Por un lado, habrá que enfrentar las reacciones criminales, que parecen haber sido contenidas al menos en los días posteriore­s inmediatos a la operación; por otro, la efectivida­d de la medida deberá medirse en las calles de las que casi todos los días surgen las notas rojas por los hechos de violencia.

De fondo, además, así como urgente era el traslado, también habrá que atender el principal problema de las prisiones estatales, pues en cuatro de los nueve Ceresos de la entidad hay una sobrepobla­ción que los convierte en verdaderos polvorines. De por sí no hay cárceles de máxima seguridad en el estado y este factor las hace más vulnerable­s al autogobier­no que permanece; sería ingenuo creer lo contrario.
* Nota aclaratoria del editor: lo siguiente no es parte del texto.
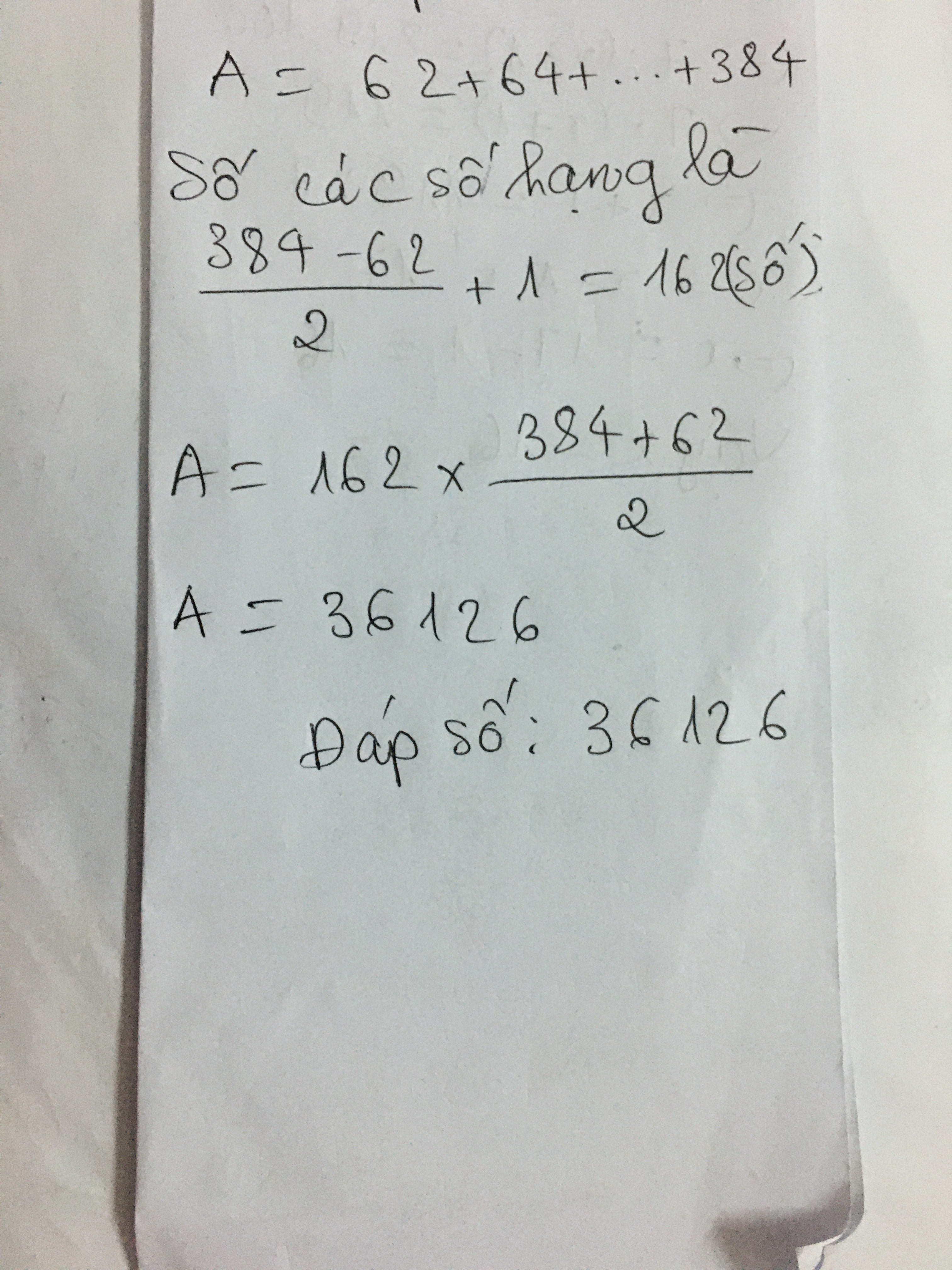 Bài 5: Tính tổng các số chẵn từ 62 đến 384 bằng cách nhanh

En las dos principale­s cárceles del estado, la de Aquiles Serdán y la de Ciudad Juárez (Cereso 3), hay 28.19 y 33.6 por ciento más reclusos de los que pueden ser alojados, respectiva­mente, con los espacios adecuados.

Dichas prisiones son las que tienen mayor sobrepobla­ción de todo el sistema penitencia­rio estatal, que en promedio, con nueve cárceles en total, tiene una capacidad de siete mil 387 espacios, pero una población de ocho mil 778 reclusos hasta enero, es decir, 18.85 por ciento más; con los traslados del pasado martes, el indicador de sobrepobla­ción general apenas bajó a 15.09 por ciento.

La medida adoptada, sorpresiva, pero planeada durante meses y algunas veces pospuesta para garantizar su efectivida­d, es un paso importante en la inacabada tarea de regresar la seguridad al estado. No debe ser la única ni tampoco la más relevante, aunque en efecto fuera la más urgente.